Leaders of CAISO and its Western Energy Imbalance Market established a panel last week to update the EIM’s governance as the real-time market grows and likely adds day-ahead bidding in the next few years.

The mission of the new Governance Review Committee (GRC) is to go through a stakeholder process, draft proposals and offer the EIM Governing Body and the CAISO Board of Governors a set of recommendations in less than a year.

The committee members must still be selected. Once that happens, “we expect that the committee will get started right away, and we hope to have a work product completed within the next six to 12 months,” CAISO Regional Affairs Manager Peter Colussy told Friday’s joint meeting of the ISO and EIM boards in Salt Lake City.

EIM
The Western Energy Imbalnace Market currently includes eight entities in eight Western states, with more set to join. | CAISO

The committee will disband once it completes its work, Colussy said.

The EIM began operations in 2014. It allows wholesale energy transfers across state lines to balance supply and demand in the Western Interconnection, saving its participants more than $650 million so far, according to CAISO.

EIM
Valerie Fong | © RTO Insider

The market’s charter requires a governance review to be initiated by September 2020 “to account for accumulated experience and changed circumstances over time” in the relatively new market, Colussy said. “The committee’s form and purpose will be similar to that of the transitional committee that formed the initial EIM governance structure just a few short years ago.”

Candidates for the 11 to 13 positions on the GRC will be nominated and ranked by current EIM participants, entities that intend to join, transmission owners, public utilities, generators and consumer advocates. Then CAISO and EIM board officials will select those to serve. It’s largely the same process used to select Governing Body members, Colussy said.

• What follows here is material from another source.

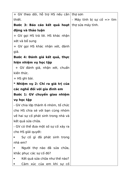 * Nhiệm vụ 1: Tìm thợ sửa chữa II. Giá trị của nghề
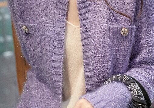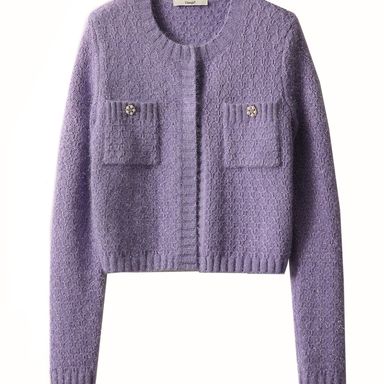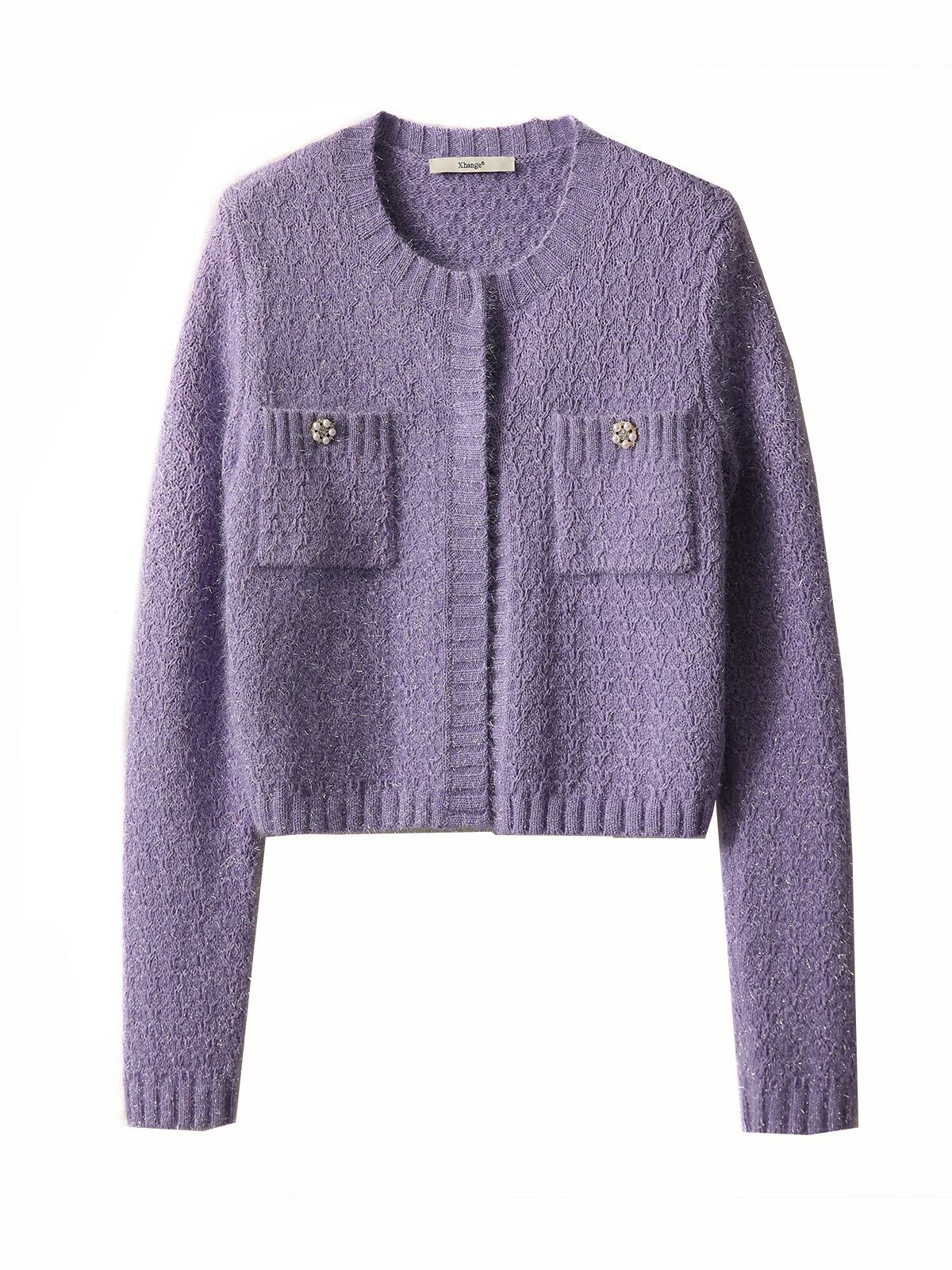 一枚で華やぎを添えるデザインのチェストパールエレガントショートニットカーディガン。

The committee will have one nonvoting member from the EIM body or the ISO board, and one voting member from the EIM Body of State Regulators (BOSR), each selected by their respective groups.

The GRC is expected to represent the geographic diversity of the EIM, Colussy said. The market currently includes eight entities from eight Western states, with more expected to join in the next three years.

“We’re not asking the members of the committee to represent the interests of the stakeholder sectors that nominated them,” he said. “Members are going to be asked to work collaboratively on this process to develop a proposal that will be widely accepted by stakeholders.”

EIM
Carl Linvill | © RTO Insider

The EIM Governing Body began talking with stakeholders and figuring out the review process late last year. (See Western EIM Looks to Expand its Authority.)

Those addressing the CAISO-EIM meeting Friday generally expressed support for the governance review, with some concerns.

Matt Lecar, a principal with Pacific Gas and Electric, said the utility supports the GRC. He thanked staff members for clarifying that “the scope of the committee would not be unduly constrained to look at just the existing governance model.”

“With the potential extension of the EIM from a real-time market to a day-ahead market, we believe that the both the volume of transactions and the scope of policy issues that will need to be addressed are considerably weightier, and that a degree of authority and oversight will be necessary that exceeds what we see in the EIM today,” Lecar said.

“It’s very important that participants across the region have trust in the institutions and the governance that we create,” he said.

New EIM Chair and Vice Chair

Following the joint session, the EIM Governing Body met for its general session and elected a new chair and vice chair, as it does each year.

EIM
John Prescott | © RTO Insider

Valerie Fong’s term as chair ended Sunday. Vice Chair Carl Linvill was named by his colleagues as the EIM’s chair starting Monday, and John Prescott was named vice chair.

“It has been an honor to be the chair of this body. It’s a great learning experience. It’s a lot of fun. And we try not to blow anything,” Fong said.

She nominated Linvill to take her place and nominated Prescott to fill Linvill’s position.

The board currently only has four of its five allotted members. Former member Kristine Schmidt resigned in April to join embattled PG&E Corp.’s board of directors. (See PG&E Departure Leaves EIM Vacancy.)

FERC Rejects PJM Rule Change on Price Responsive Demand

By Rich Heidorn Jr.

FERC on Thursday rejected a PJM proposal to reduce load-serving entities’ savings from price-responsive demand (PRD) programs (ER19-1012).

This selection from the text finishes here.